-------- DATA PROVIDED --------
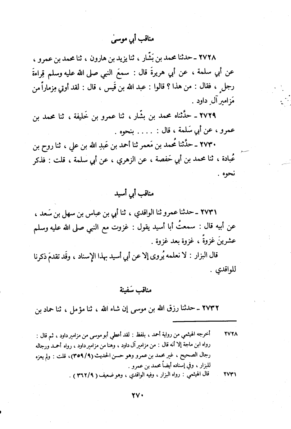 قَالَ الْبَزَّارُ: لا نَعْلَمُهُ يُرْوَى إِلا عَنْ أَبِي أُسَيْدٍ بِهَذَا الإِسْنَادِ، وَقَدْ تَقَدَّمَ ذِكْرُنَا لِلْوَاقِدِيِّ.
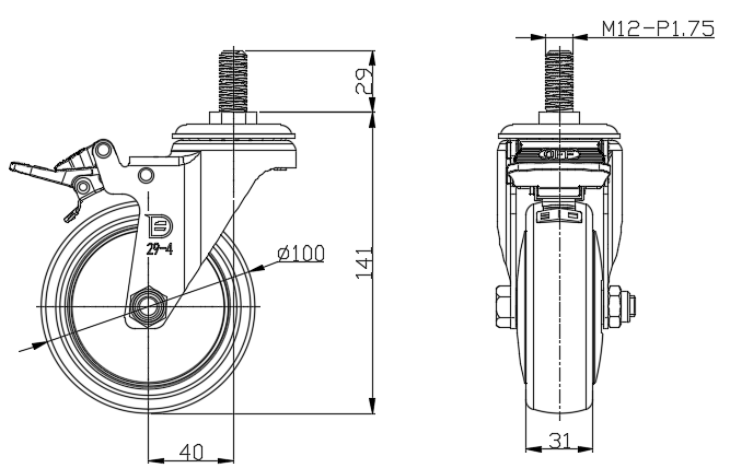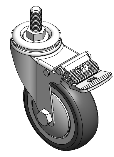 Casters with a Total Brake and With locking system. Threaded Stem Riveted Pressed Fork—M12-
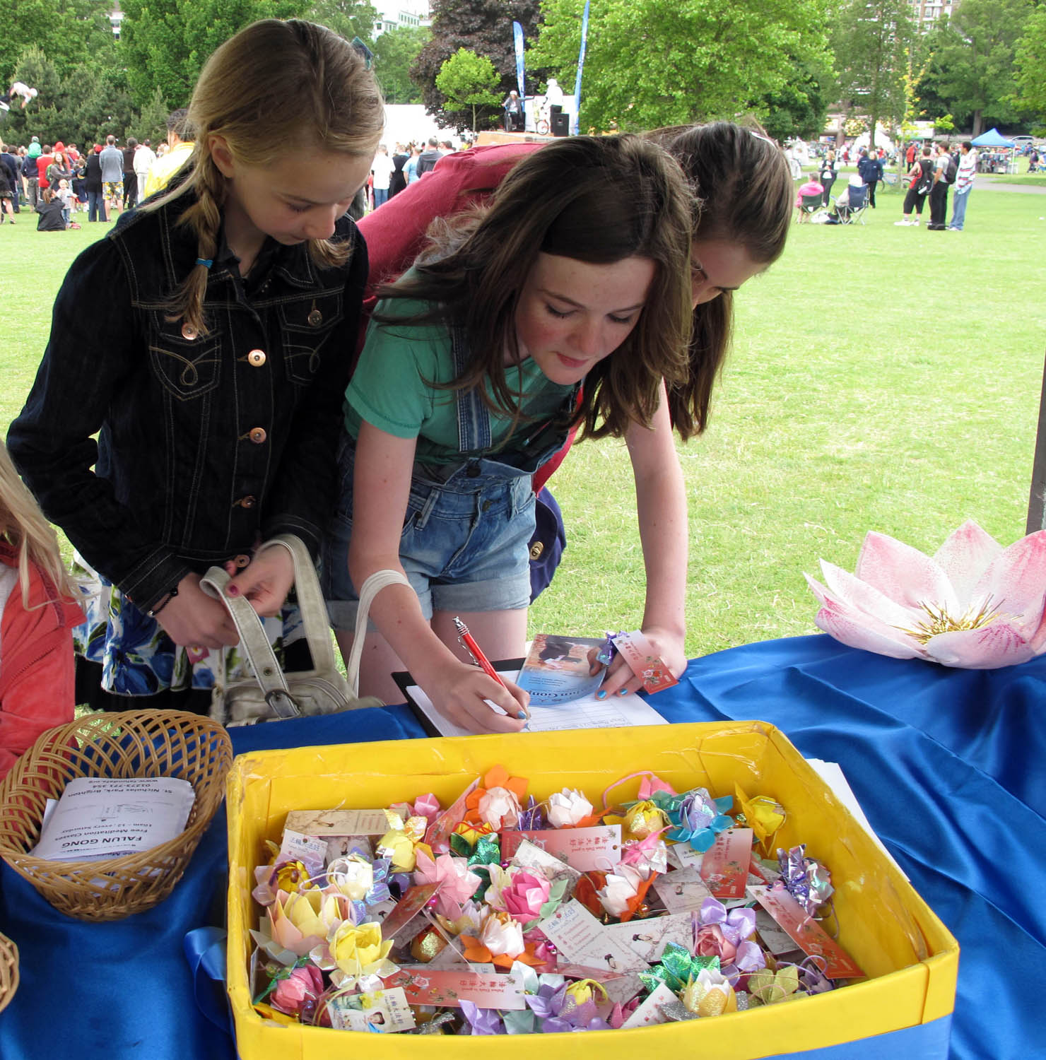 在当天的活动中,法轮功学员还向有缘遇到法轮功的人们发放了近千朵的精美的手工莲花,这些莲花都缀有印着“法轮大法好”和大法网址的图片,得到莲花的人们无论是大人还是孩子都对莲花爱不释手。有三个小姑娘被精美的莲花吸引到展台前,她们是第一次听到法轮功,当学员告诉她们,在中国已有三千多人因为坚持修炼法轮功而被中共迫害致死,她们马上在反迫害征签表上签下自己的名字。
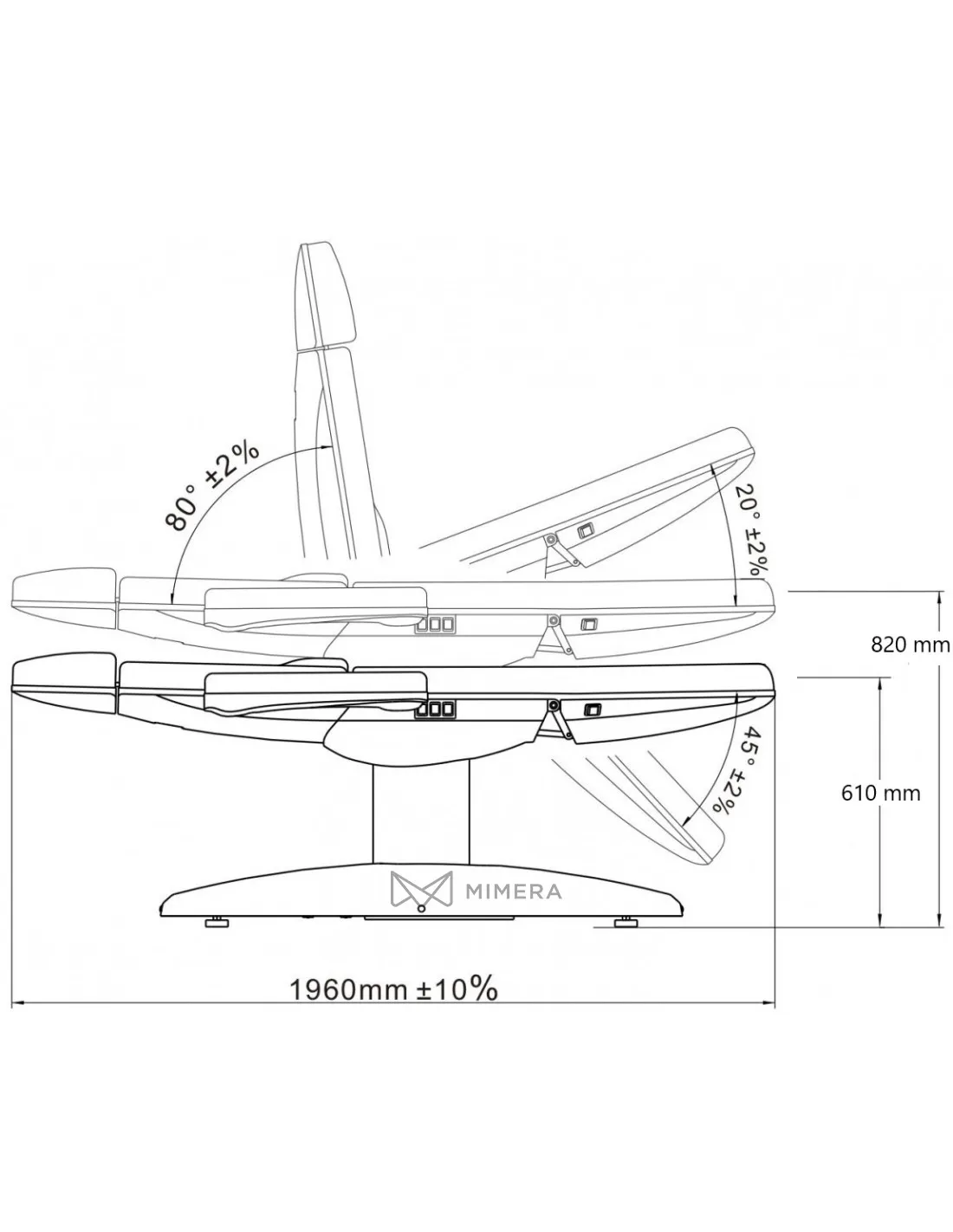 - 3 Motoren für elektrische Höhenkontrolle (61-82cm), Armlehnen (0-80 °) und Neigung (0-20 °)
--------
◆ **DESCRIPTION OF THE TASK**
Setting the pictures aside, return exactly the lines from the line with "Casters with a" through the last line of the listing above.

◆ **ANSWER SPACE**
 Casters with a Total Brake and With locking system. Threaded Stem Riveted Pressed Fork—M12-
 在当天的活动中,法轮功学员还向有缘遇到法轮功的人们发放了近千朵的精美的手工莲花,这些莲花都缀有印着“法轮大法好”和大法网址的图片,得到莲花的人们无论是大人还是孩子都对莲花爱不释手。有三个小姑娘被精美的莲花吸引到展台前,她们是第一次听到法轮功,当学员告诉她们,在中国已有三千多人因为坚持修炼法轮功而被中共迫害致死,她们马上在反迫害征签表上签下自己的名字。
 - 3 Motoren für elektrische Höhenkontrolle (61-82cm), Armlehnen (0-80 °) und Neigung (0-20 °)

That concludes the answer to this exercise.